Is that possible to update only certain weights of embedding layers?


#1

Hi Guys,

I had a matrix factorization network defined by the following graph. I could get the weights of the embedding layers. Say now I had saved the weights. If I reloaded the weights to a new instance of the same network graph, can I fix certain weights (eg, get only some weights being updated)?

For example, when training the new network instance, I actually just want to update the last weight of the 8 latent_dim weights, and leave the first 7 fixed.

Thanks!


latent_dim = 8
y_true = mx.symbol.Variable("label")
user = mx.symbol.Variable("member")
user = mx.symbol.Embedding(name='member_embedding', data=user, input_dim=n_users, output_dim=latent_dim) 

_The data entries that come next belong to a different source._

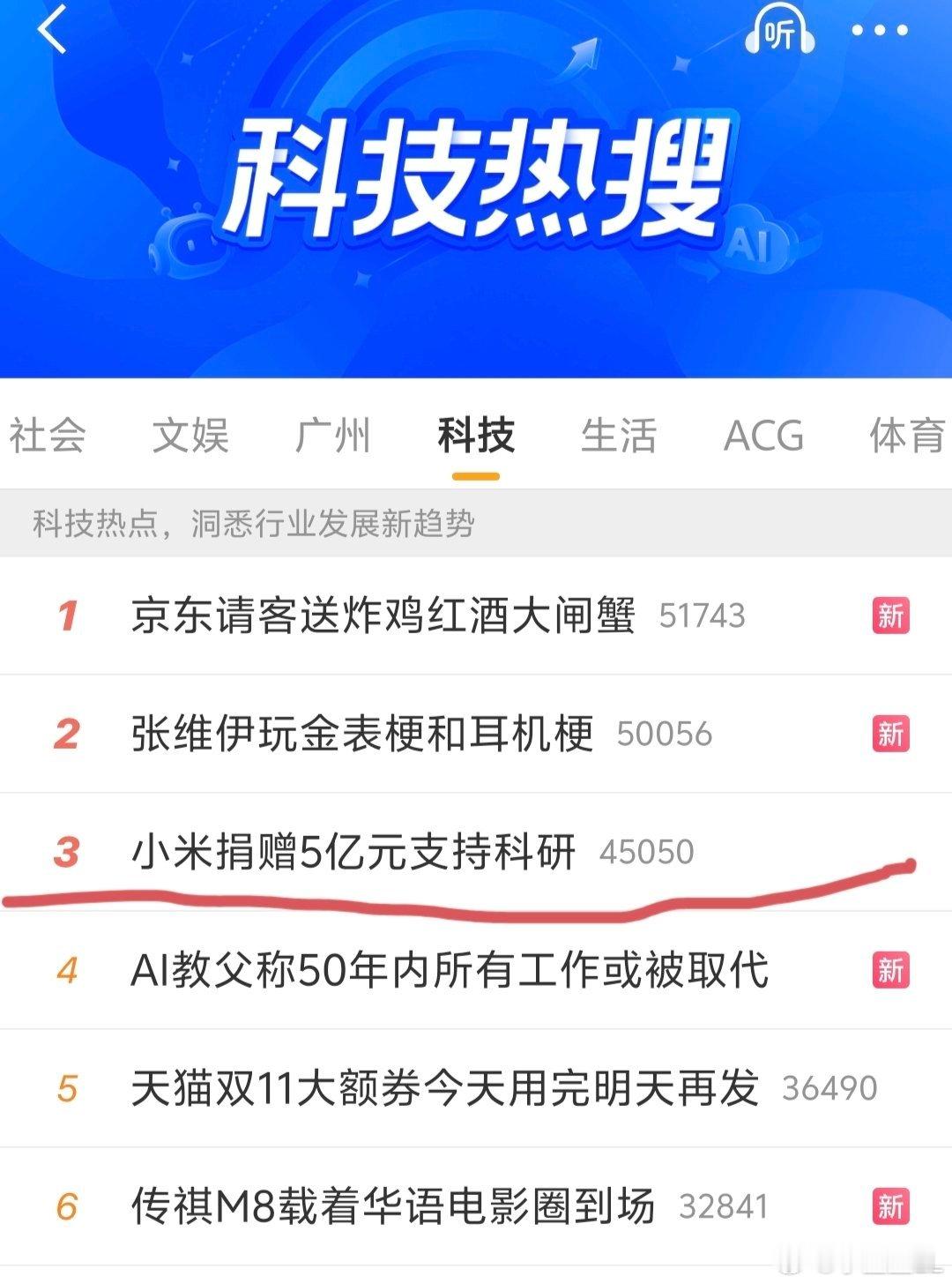 小米捐赠5亿元支持科研这人是看不到吗?这叫热搜没一个吗?捐赠是好事,支持!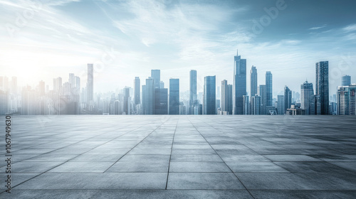 panoramic view of modern city skyline featuring tall skyscrapers under clear blue sky. scene conveys sense of tranquility and urban sophistication, perfect for various design projects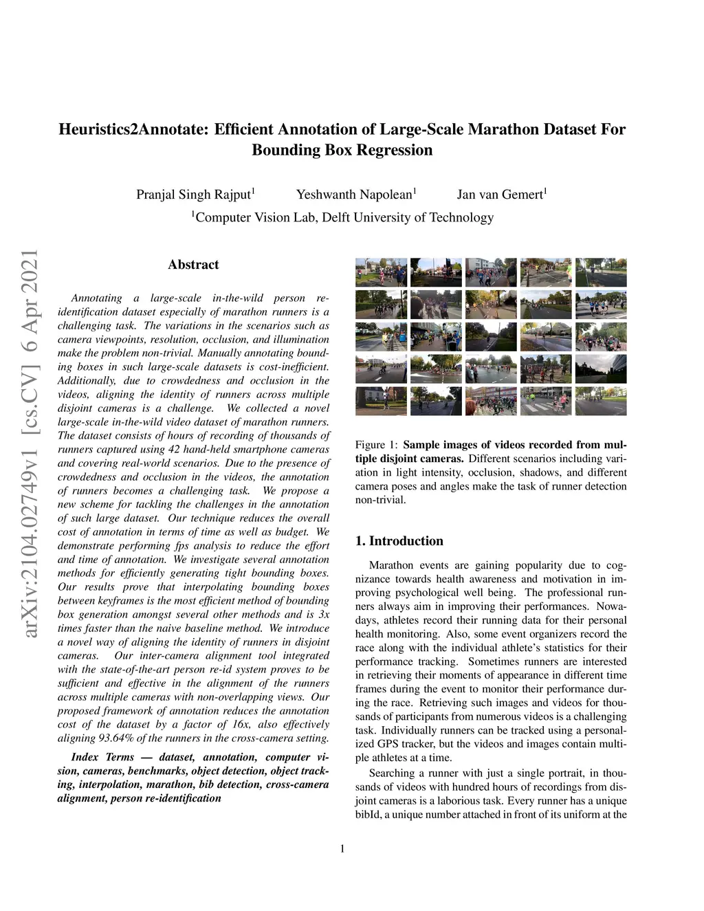 Annotating a large-scale in-the-wild person re-identification dataset especially of marathon runners is a challenging task. The variations in the scenarios such as camera viewpoints, resolution, occlusion, and illumination make the problem non-trivial. Manually annotating bounding boxes in such large-scale datasets is cost-inefficient. Additionally, due to crowdedness and occlusion in the videos, aligning the identity of runners across multiple disjoint cameras is a challenge. We collected a novel large-scale in-the-wild video dataset of marathon runners. The dataset consists of hours of recording of thousands of runners captured using 42 hand-held smartphone cameras and covering real-world scenarios. Due to the presence of crowdedness and occlusion in the videos, the annotation of runners becomes a challenging task. We propose a new scheme for tackling the challenges in the annotation of such large dataset. Our technique reduces the overall cost of annotation in terms of time as well as budget. We demonstrate performing fps analysis to reduce the effort and time of annotation. We investigate several annotation methods for efficiently generating tight bounding boxes. Our results prove that interpolating bounding boxes between keyframes is the most efficient method of bounding box generation amongst several other methods and is 3x times faster than the naive baseline method. We introduce a novel way of aligning the identity of runners in disjoint cameras. Our inter-camera alignment tool integrated with the state-of-the-art person re-id system proves to be sufficient and effective in the alignment of the runners across multiple cameras with non-overlapping views. Our proposed framework of annotation reduces the annotation cost of the dataset by a factor of 16x, also effectively aligning 93.64% of the runners in the cross-camera setting.
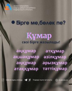«Бірге ме,бөлек пе?» айдарынан📌 Бұл сөз жеке де қолданылады,бір нәрсеге «ынтық»,«ғашық»,«жақсы көреді» деген мағынаны білдіреді.Бірақ бұл сөздің тіркес құрамында қайталанатын,жаңа ұғым жасайиын кездері жиі.Сондықтан «құмар» сөзі сыңарлы құрама сөздерде бірге жазылады.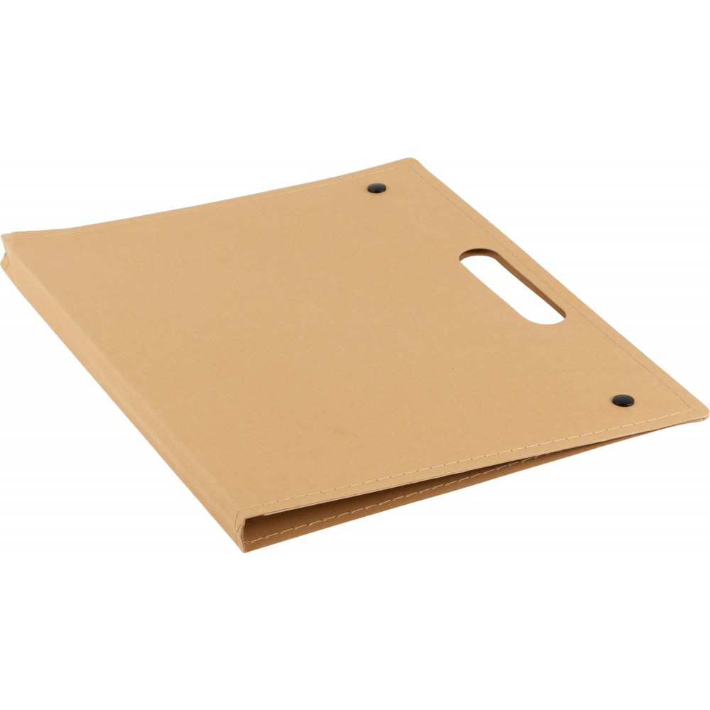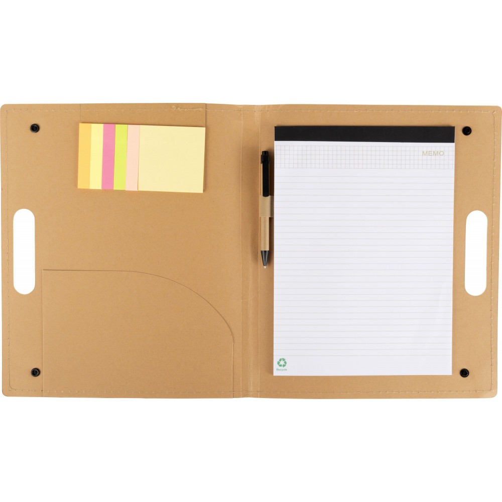 Karton mappa tartalma: 20 lapos jegyzettömb (kb. A4), egy karton toll fekete tintával és öntapadó jelölők 4 színben, 25 lappal színenként. 70 g, 600 g papír. Emblémázás: Szitanyomás, Tamponnyomás

book = mx.symbol.Variable("book")
book = mx.symbol.Embedding(name='book_embedding', data=book, input_dim=n_items, output_dim=latent_dim)
    
dot = user * book
dot = mx.symbol.sum_axis(dot, axis=1)
dot = mx.symbol.Flatten(dot)
dot = 1 - dot
    
return mx.symbol.LinearRegressionOutput(data=dot, label=y_true)

#2

If you’re using the module API for optimization, the easy way to freeze weights is by using fixed_param_names passed in module’s constructor. However what you are looking for is sub-parameter weight freezing. An easy way to achieve what you want is to split your latent space into two subsets. In your specific example, you’d write something like this:

user = mx.symbol.Variable("member")
user1 = mx.symbol.Embedding(name='member_embedding1', data=user, input_dim=n_users, output_dim=latent_dim-1)
user2 = mx.symbol.Embedding(name='member_embedding2', data=user, input_dim=n_users, output_dim=1)
user = mx.symbol.concat(user1, user2, dim=1)

Using the above trick, you get two weight sets (member_embedding1_weight and member_embedding2_weight) and you can freeze one set and optimize the other set.


#3

That’s a really cool idea/trick! I learned some new stuff from it. Thanks Safrooze!

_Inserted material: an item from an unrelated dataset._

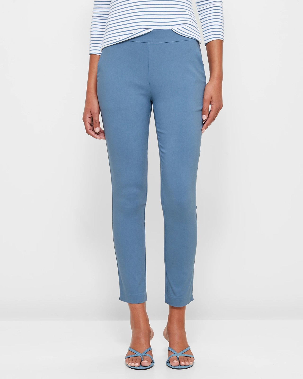 Introducing the Carrie Ankle Length Bengaline Pants by Preview! These incredible pants are made from a luxurious blend of polyester and viscose, guaranteeing ultimate comfort and a figure-flattering fit. The stretchy fabric allows for easy movement, while the skinny leg silhouette creates a sleek and stylish look. With a mid-rise waist and a hidden flat elastic waistband, these pants provide a secure and comfortable fit all day long. Complete with front pockets and an ankle length design, they are perfect for both casual and formal occasions. Upgrade your wardrobe with these must-have pants and experience the perfect combination of style and comfort today!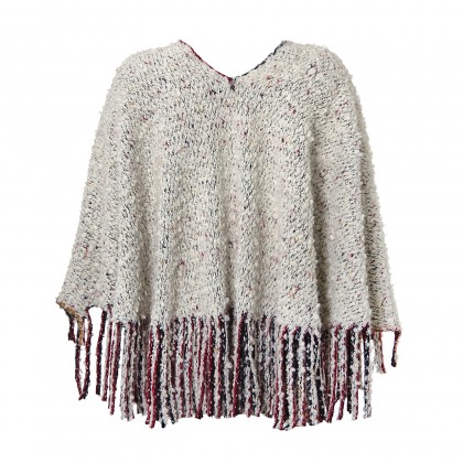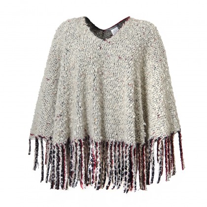 Моделът е с V-образно деколте, а в долната си част завършва с ресни в бяло и червено.

After reading your reply. I realized that my question was misleading, sorry about this. What I really wanted is after training the embedding layers, I want to add some new ‘words’ to the model, but at the same time, I want to keep the weights of the existing ‘vocabulary’ unchanged.

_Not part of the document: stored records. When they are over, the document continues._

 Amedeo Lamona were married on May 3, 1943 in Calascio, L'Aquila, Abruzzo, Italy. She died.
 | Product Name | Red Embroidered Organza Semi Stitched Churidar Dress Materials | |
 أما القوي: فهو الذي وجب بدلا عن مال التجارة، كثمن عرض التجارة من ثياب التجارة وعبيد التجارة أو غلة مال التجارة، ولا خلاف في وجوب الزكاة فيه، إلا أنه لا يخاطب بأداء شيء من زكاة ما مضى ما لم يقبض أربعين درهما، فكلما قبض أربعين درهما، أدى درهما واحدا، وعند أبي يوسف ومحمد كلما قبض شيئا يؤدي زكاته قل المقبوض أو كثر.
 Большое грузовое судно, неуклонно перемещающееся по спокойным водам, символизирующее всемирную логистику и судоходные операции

In my case, say I use 2 latent dims, and got three books: 0, 1, 2, the book_embedding_weight matrix may be like this:

book_embedding_weight =
[[0.3, 0.4],
[0.8, 0.5],
[0.2, 0.3]]

Now, I want to introduce one new ‘book’.
I could create a new instance of the network and reload the old weights and initialize the new weights as zeros:

[[0.3, 0.4], # book 0’ weights, keep this unchanged
[0.8, 0.5], # book 1’ weights, keep this unchanged
[0.2, 0.3], # book 2’ weights, keep this unchanged
[0, 0]] # book3, only learn this weight vector

If I start to train the network, I really just want to learn the weights for the new book. And ideally the weights to the new book are comparable to the weights of ‘old’ book.
Is this even possible in mxnet? I would want to add new ‘users’ as well.

Thanks!


#4

In order to achieve what you want, you’d need to manually compose the embedding layer by stacking one_hot, two instances of slice_axis, FullyConnected, and sum . Example:

book = mx.sym.one_hot(indices=book, depth=n_items, name='one_hot')
book1 = mx.sym.slice_axis(data=book, axis=-1, begin=0, end=-1)
book1 = mx.sym.FullyConnected(data=book1, num_hidden=num_hidden, no_bias=True)
book2 = mx.sym.slice_axis(data=book, axis=-1, begin=-1, end=n_items)
book2 = mx.sym.FullyConnected(data=book2, num_hidden=num_hidden, no_bias=True)
book = book1 + book2

Now you have fullyconnected0_weight and fullyconnected1_weight and you can freeze one and let the other train.


#5

This is an elegant solution Safrooze!
Really appreciate your help!